Die Sperrung war nötig geworden, weil „akute Tagesbruchgefahr besteht“, wie Frank Theißing sagte. Seit Montag führten Arbeiter bereits Probebohrungen an der Huckarder Straße, direkt neben der A40 durch. Dabei fanden sie Holzstücke, Hohlräume und sogenannte Lockermasse – laut Theißen alles Zeichen dafür, dass der Schacht damals nicht ausreichend verfüllt wurde. Wegen des Gefährdungspotenzials seien die Autobahnen gesperrt worden.
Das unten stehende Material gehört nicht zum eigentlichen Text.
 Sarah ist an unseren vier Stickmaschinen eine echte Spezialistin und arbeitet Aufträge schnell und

Die Arbeiten am Schacht laufen bereits. Dazu bringen Arbeiter von Straßen.NRW ein Traggerüst direkt auf der Fahrbahn auf, welches die schwere Verfüllmaschine tragen soll. Von Donnerstag an soll der Untergrund der Autobahn verfüllt und verpresst werden, mit einer „dickflüssigen Baustoffsuspension, die sich selbst abbindet“. Zugleich gehen die Bohrungen weiter, um Schacht und lockere Verfüllung auszumessen – und um festzustellen, ob der Hohlraum bereits einwirkt auf das Deckgebirge.
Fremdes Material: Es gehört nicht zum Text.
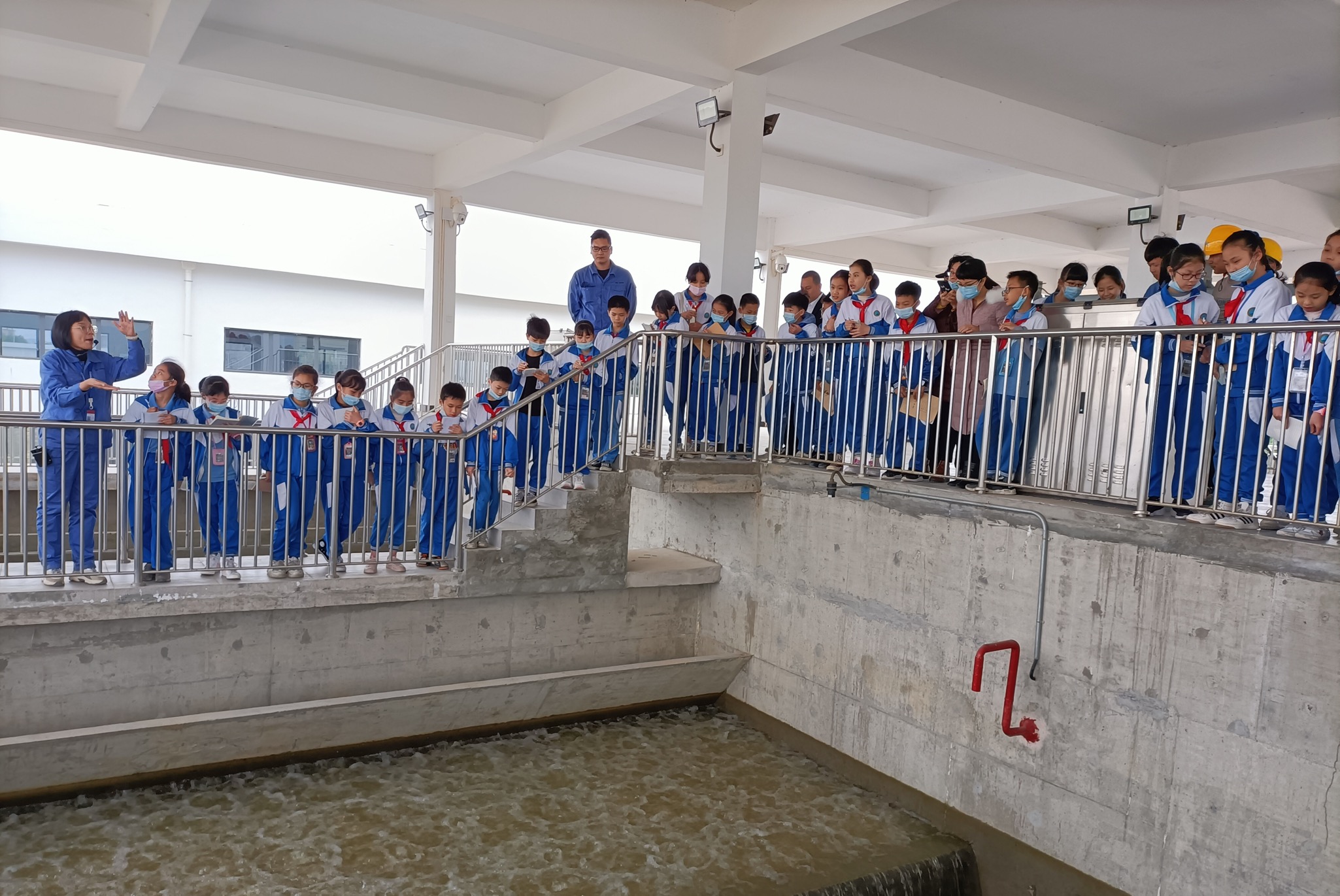 孩子們第一次近距離走進自來水生產線,先后參觀了混合井V型濾池、過濾池、送水泵房供水中控室。在參觀過程中,陪同講解人員還就水投公司的歷史、水源采集地、供水區域及生產流程等內容參觀人員作了詳細介紹。
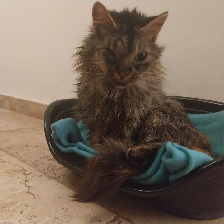 Terminator : Terminator, who was visually impaired and lived on the street, had a stroke. Completely blind since then, he has been placed in a foster family. He has adapted well to his new environment and enjoys the blankets.
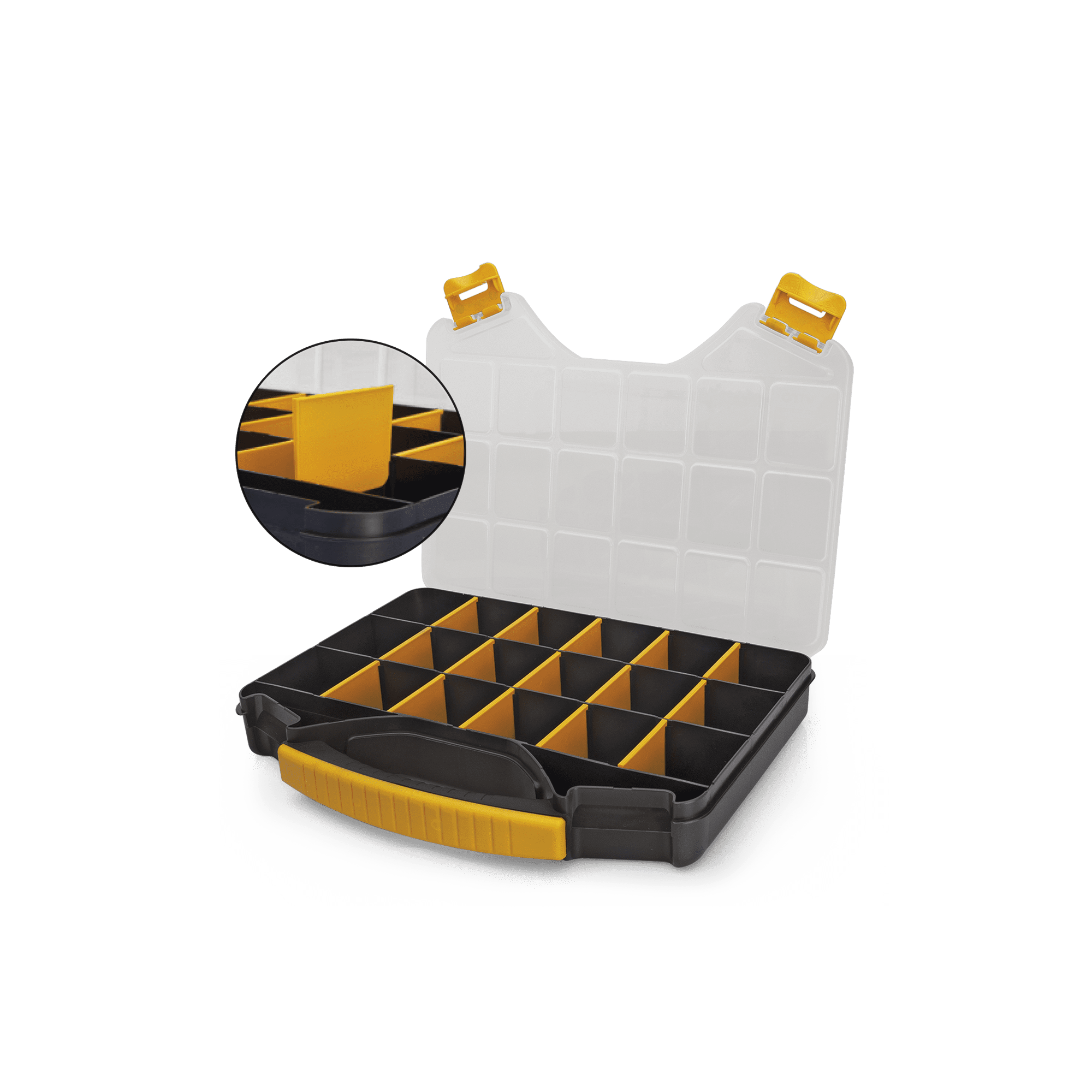 Caixa de Arrumação Multiusos com estrutura resistente em polipropileno, equipada com compartimentos ajustáveis e uma pega de transporte, contém ainda 18 compartimentos para uma arrumação prática e eficaz.
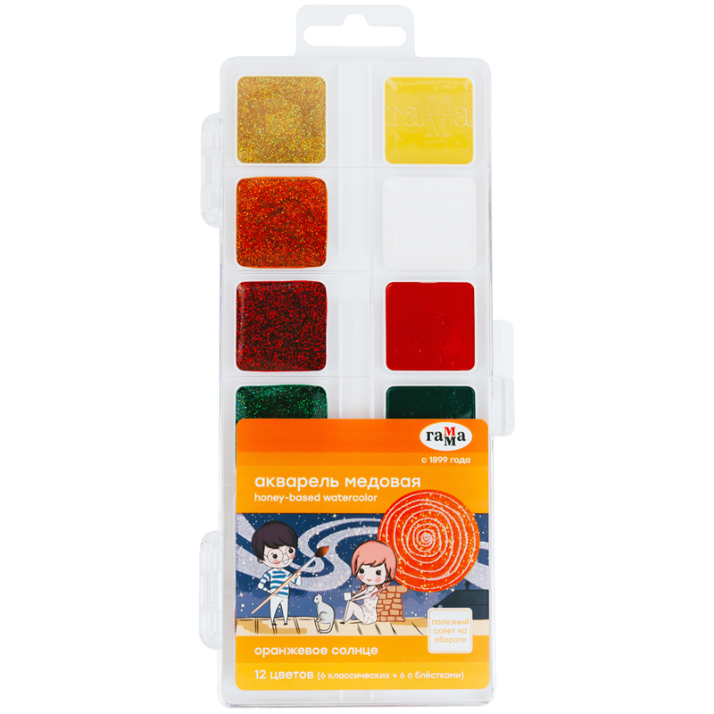 Краски акварельные 12цв. Гамма Оранжевое солнце 6цв. с блестками+6цв.классические 291020207

Wie lange es bei der Sperrung bleibt, weiß in diesem Moment niemand zu sagen – nur, dass vor dem Ende der Ostertage nicht mit einem Abschluss zu rechnen ist, wurde inzwischen bestätigt. Der Landesbetrieb „Straßen NRW“ will auch über die Feiertage im Zweischichtbetrieb arbeiten. Die betroffene Stelle ist ein wichtiger Knotenpunkt und wird täglich von mehr als 120.000 Autos passiert. Das einzig Gute: In der Ferienzeit sind weniger Berufspendler unterwegs, sodass die Lage etwas entspannter ist.